• Exercise requirements:
Using the records below, write out only the lines from the line containing "日比野 亜きこさんを姓名の画数から五運を鑑定" up to and including the line containing "Introducing the Owleye", exactly, with no pictures.

• Records provided:
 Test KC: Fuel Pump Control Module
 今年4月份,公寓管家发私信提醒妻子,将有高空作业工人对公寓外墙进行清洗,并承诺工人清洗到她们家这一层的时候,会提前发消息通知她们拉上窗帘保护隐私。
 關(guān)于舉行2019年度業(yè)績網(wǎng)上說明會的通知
* * *
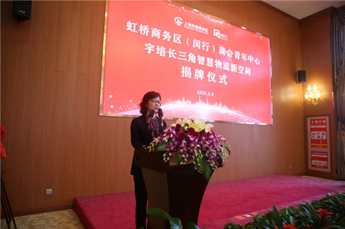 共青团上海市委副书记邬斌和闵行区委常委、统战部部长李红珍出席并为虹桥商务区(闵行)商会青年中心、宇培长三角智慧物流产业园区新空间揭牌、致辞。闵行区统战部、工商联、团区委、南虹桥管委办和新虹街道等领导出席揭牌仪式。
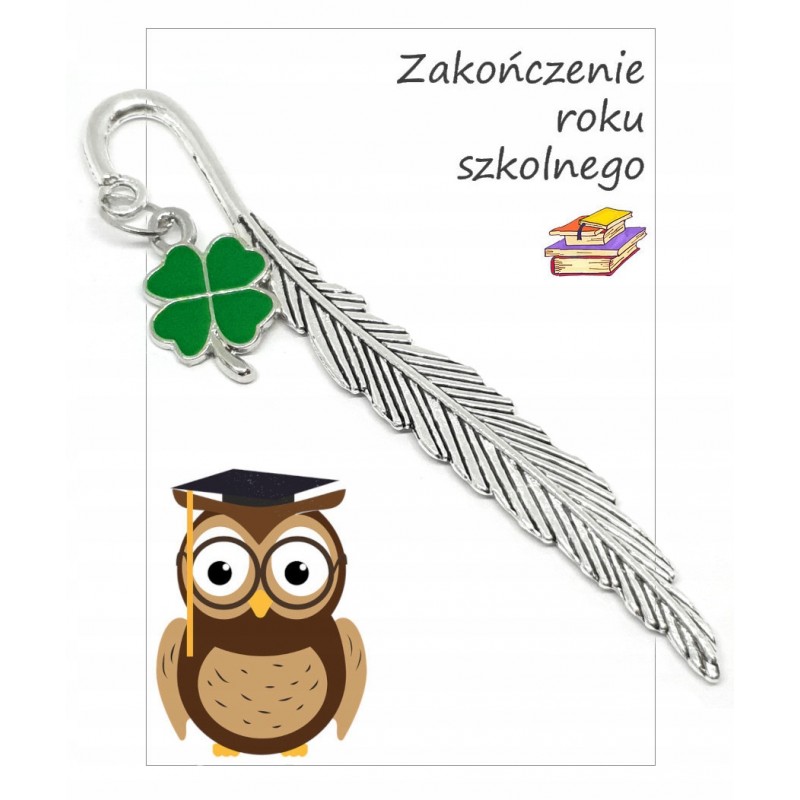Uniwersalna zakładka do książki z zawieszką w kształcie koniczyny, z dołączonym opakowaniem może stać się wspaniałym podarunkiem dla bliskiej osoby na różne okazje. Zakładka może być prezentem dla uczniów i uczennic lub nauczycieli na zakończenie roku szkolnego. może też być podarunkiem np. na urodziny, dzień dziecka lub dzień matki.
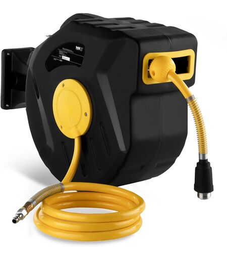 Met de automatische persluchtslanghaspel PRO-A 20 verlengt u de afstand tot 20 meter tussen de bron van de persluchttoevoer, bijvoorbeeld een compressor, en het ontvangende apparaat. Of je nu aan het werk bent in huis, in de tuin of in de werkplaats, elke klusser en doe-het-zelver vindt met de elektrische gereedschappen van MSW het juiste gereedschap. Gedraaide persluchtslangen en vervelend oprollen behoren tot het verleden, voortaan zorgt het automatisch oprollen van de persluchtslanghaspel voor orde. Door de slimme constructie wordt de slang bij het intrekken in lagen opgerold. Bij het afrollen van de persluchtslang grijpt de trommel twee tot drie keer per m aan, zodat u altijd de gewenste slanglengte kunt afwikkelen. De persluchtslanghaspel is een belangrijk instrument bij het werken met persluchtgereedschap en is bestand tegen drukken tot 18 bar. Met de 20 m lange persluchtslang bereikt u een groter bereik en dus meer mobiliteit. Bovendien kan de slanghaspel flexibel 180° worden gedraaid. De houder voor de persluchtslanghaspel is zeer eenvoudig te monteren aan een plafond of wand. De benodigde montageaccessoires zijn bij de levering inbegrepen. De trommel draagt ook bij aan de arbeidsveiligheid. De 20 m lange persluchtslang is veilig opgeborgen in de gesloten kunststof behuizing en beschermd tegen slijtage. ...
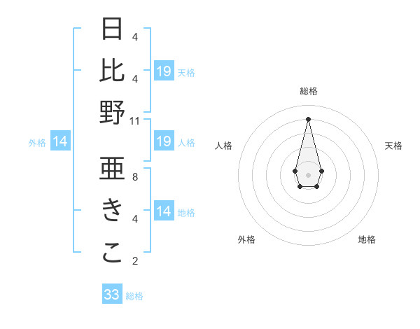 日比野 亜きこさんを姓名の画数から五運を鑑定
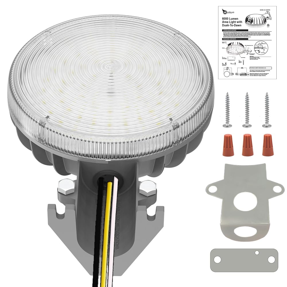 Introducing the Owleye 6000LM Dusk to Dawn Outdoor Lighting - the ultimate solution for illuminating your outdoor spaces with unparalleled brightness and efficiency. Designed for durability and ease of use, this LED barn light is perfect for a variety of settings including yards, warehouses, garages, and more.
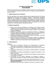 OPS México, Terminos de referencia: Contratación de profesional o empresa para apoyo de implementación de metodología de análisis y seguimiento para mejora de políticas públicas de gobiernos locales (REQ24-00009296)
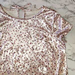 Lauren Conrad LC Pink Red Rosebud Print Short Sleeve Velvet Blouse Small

• Task solution:
 日比野 亜きこさんを姓名の画数から五運を鑑定
 Introducing the Owleye 6000LM Dusk to Dawn Outdoor Lighting - the ultimate solution for illuminating your outdoor spaces with unparalleled brightness and efficiency. Designed for durability and ease of use, this LED barn light is perfect for a variety of settings including yards, warehouses, garages, and more.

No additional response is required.